# just rteturned from Mhtn Club in NYC- odd visit



## Blondie (Feb 8, 2006)

Have been to the manhattan club five times and it has always impressed. Just returned and wanted to share. The unit is badly in need of repair. We did bring friends and the sleep sofa AND the rollaway were practically unuseable they were so worn and saggy- we had to put them on the floor to sleep on. I was a bit embarrassed as I have been raving about the condo. The first thing I noticed upon checking in to the unit was the big "Out of Order" sign on the dishwasher. Then, the second day the faux wood panel on the fridge front fell off. The lock on the bathroom door was broken off and the sofa sagged badly. The heat was so hot and the control would not work and when I mentioned it at the front desk the lady told me to shut it off or just open the window!! Glad I am not paying those heating bills. We left a wake up call for my daughter and it never came. When I mentioned it at the front desk the clerk looked at me blankly, checked her sheet, and said, "It is not on my list." I said that it should have been on her list and that was the problem. I thought maybe she would be interested in tracking down the problem so it would not happen again to another guest but she just kept saying it was not on her list, like I was the moron and must have srewed it up.  We did enjoy our visit but I wonder if all their $$ is going into the new penthouse units... On an up note, the resaturant Joe G's is amazing. Go out the MC and go left. It is on the next block, the doorway just before McDonalds and you go sown the stone steps. Food is wonderful, prices very good. It is Italian.


----------



## Spence (Feb 8, 2006)

Doesn't sound like the owners are getting their money's worth from their high maintenance fees that pay for upkeep and management.


----------



## Hoc (Feb 8, 2006)

I have traded into the MC several times over the past few years, and while the location is great, there have always been more than a few drawbacks.  At least half the times, the rooms are a bit worn and shabby and are showing their age.  In addition, the slow elevators can prevent you from getting upstairs or downstairs for as long as an extra 20 minutes or so during peak times (usually evenings before shows start).

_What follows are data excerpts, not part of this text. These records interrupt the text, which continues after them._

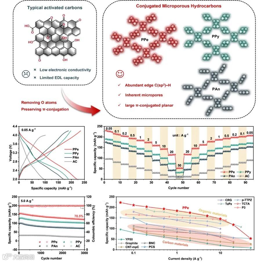 该研究团队创新性采用亚石墨型多环芳烃(PAH)作为构建单元,通过Suzuki偶联反应合成出PPe、PPy、PAn等一类π共轭微孔新型锂超容碳材料,其突出优势在于:其一,超大π共轭平面使电子可在平面内快速迁移,传输速率比小分子共轭材料提高1–2个数量级,电导率达2.39×10⁻⁸S/m,实现高速电荷传输;其二,材料边缘精准保留大量C(sp²)–H活性位点,可与电解液中的ClO₄⁻阴离子形成氢键吸附,实现高效赝电容储能。测试结果表明,这种新型碳材料比容量241mAh/g,是商用活性炭96mAh/g的2.5倍。其三,传统碳材料因边缘被含氧官能团占据易引发产气等问题,工作电压被限制于4.0V以下,新型碳材料通过减少含氧官能团并构建超大π共轭平面,将平均工作电压提升至3.13V,且4.2V高压下无显著副反应。其四,0.6~1.5nm的规则微孔结构精准匹配电解液离子尺寸,孔道分布均匀,离子扩散路径短,50A/g超高电流密度下,容量保持率达21.6%(52mAh/g),快充潜力突出。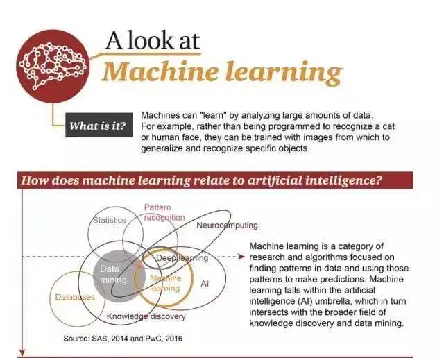 机器通过分析大量数据来进行学习。比如说,不需要通过编程来识别猫或人脸,它们可以通过使用图片来进行训练,从而归纳和识别特定的目标。机器学习是一种重在寻找数据中的模式并使用这些模式来做出预测的研究和算法的门类。机器学习是人工智能领域的一部分,并且和知识发现与数据挖掘有所交集。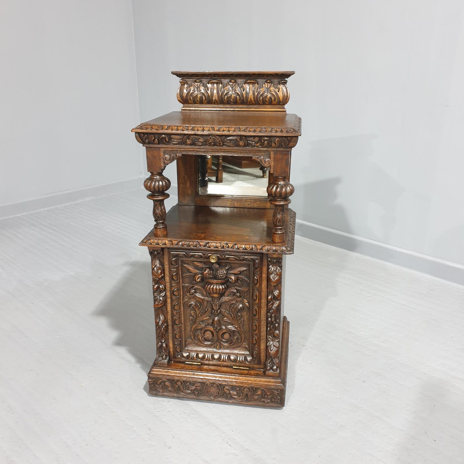 This is a very nice deeply carved late 19th Century Victorian antique oak coal bin, in overall very good condition.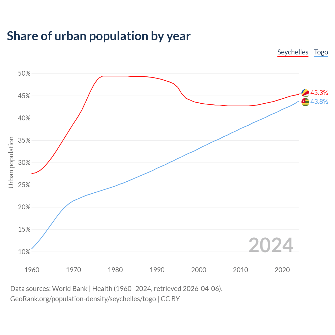 From 2004 to 2024, the share of urban population changed from 42.9% to 45.3% in the Seychelles and from 34.9% to 43.8% in Togo.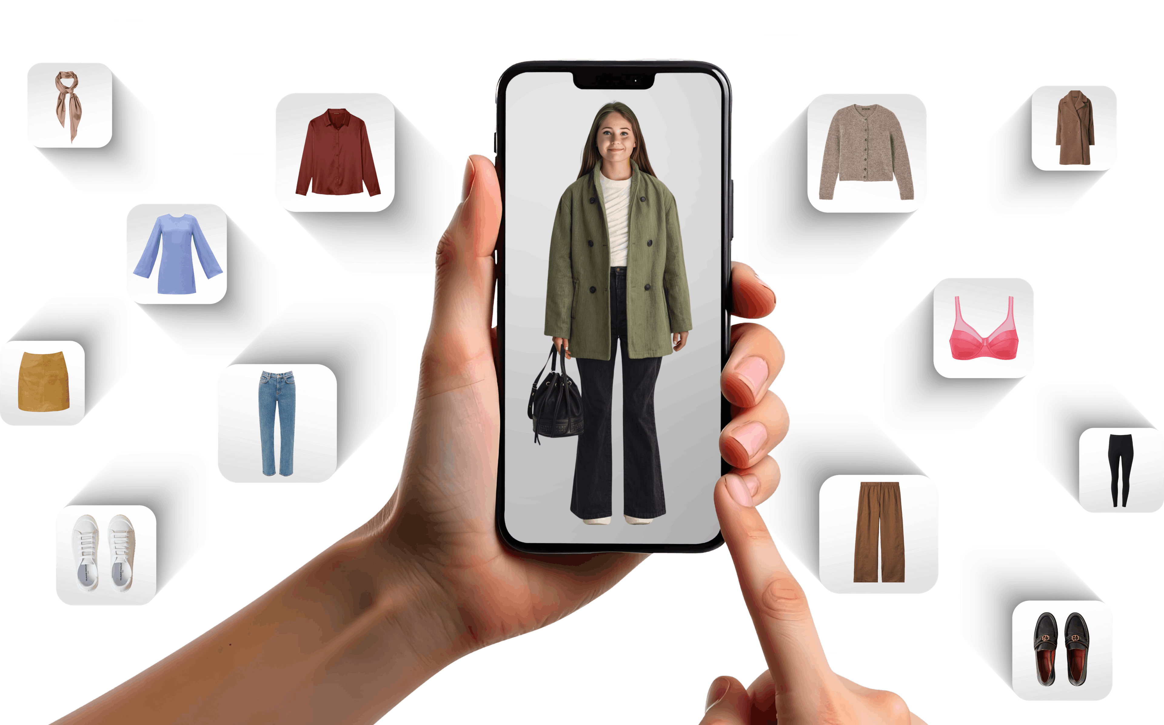 Shoppers can seamlessly choose from a diverse range of models, swipe through tops, bottoms, outerwear, and accessories to build their perfect look from your collection.

But the location is excellent, and for that reason alone, I return.  The Affinia Dumont is much nicer, and kept up better, but the location, at mid-town east, is not quite as convenient to all of the subway stops, and it isn't walkable to the Carnegie Deli, like the MC.

But the MC is a hot trade not because it is nice nor because it is kept up well.  It is a hot trade because it is one of only a few timeshares in Manhattan, and because of its convenient location.


----------



## suenmike32 (Feb 8, 2006)

My wife and I recently stayed at the MC (Jan20-27/06).
I really feel bad that you guys had a difficult time there. This was our first stay there and I really have to say, that it was outstanding.  I couldn't find a thing wrong with the place, outside of the fact that the windows were drafty. I remedied that by putting towels on the windowsill to block any unwanted draft.
There were absolutley no problems with the elevators, all staff was friendly and attentive, The room and furnishings were  fine. Not spanking new...but better than average.  I would go back tomorrow! I just feel the need to give my experience.
Mike
PS:  I can be real crabby when things aren't up to par.  I've been around a bunch of years and this isn't our first trip to the big apple.


----------



## TravelSFO (Feb 8, 2006)

Wow, can you tell us which unit had all the problems?

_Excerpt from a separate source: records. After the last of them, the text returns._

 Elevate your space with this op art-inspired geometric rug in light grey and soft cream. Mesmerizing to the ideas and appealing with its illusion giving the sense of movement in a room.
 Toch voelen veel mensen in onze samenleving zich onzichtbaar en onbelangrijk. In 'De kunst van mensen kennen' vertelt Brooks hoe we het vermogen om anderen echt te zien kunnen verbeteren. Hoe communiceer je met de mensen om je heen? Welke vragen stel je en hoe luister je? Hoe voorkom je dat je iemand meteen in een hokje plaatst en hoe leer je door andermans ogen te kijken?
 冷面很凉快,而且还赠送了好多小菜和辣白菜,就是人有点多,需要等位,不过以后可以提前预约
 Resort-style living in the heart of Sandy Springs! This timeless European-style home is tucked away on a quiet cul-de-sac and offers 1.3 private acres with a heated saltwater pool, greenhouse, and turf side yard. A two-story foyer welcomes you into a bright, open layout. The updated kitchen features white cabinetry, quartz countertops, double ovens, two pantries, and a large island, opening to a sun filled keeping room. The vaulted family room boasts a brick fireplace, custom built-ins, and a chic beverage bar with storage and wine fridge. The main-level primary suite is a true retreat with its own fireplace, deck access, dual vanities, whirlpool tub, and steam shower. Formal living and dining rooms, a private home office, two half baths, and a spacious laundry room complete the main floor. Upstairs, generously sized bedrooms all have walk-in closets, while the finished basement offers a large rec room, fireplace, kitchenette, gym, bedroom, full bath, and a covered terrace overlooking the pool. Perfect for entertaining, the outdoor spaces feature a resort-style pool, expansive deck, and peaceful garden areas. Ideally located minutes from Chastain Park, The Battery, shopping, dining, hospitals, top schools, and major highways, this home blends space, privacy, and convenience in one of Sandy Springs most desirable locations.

Also, was this an exchange or are you owners?


----------



## Blondie (Feb 8, 2006)

It was unit 2015. We exchanged in for the fifth time. I was surprised that so many things were run down. It has been awhile since the units have been refurbished. I did hear another woman complain about her dishwasher at the front desk and she was an owner, and once in the elevator another patron was complaining about how her heat would not shut off either. So, it is not just in my unit... I just bought RHC points and we will be staying in New YOrk at the Affina Dumont which we checked out while in the city. The units are lovely. We have a studio and a pres. unit booked for August. So, I guess that will be our new place to hang out, although I agree the location of the MC is better.


----------



## senorak (Feb 8, 2006)

We were just in the MC this past weekend (room 2222).  While we had the same problem w/ the heat (very warm in the room; you could turn the heat down; but not off), we cracked open the windows to sleep at night.  No other problems----dishwasher worked fine; and while some things showed "wear and tear", nothing major to mention.  Our two children (ages 9 and 10) slept on the sofa bed...a bit squeaky; but, after all, it is a sofa bed.  We only had one wait for an elevator (more than a few minutes).....and that was only about 7 minutes; otherwise, the elevators came within a minute or two.  
I usually don't spend much time in the room; though this time ( w/ DH and kids), we hung out in our room more than usual.  We had a 1BR 4/4 w/ 2 BA....so we were able to "spread out" a bit....and didn't feel too crowded.  Enjoyed our time in NYC....wish I could've stayed for the entire week (my nieces are up at MC now); but work and school prohibited that!    

DEB


----------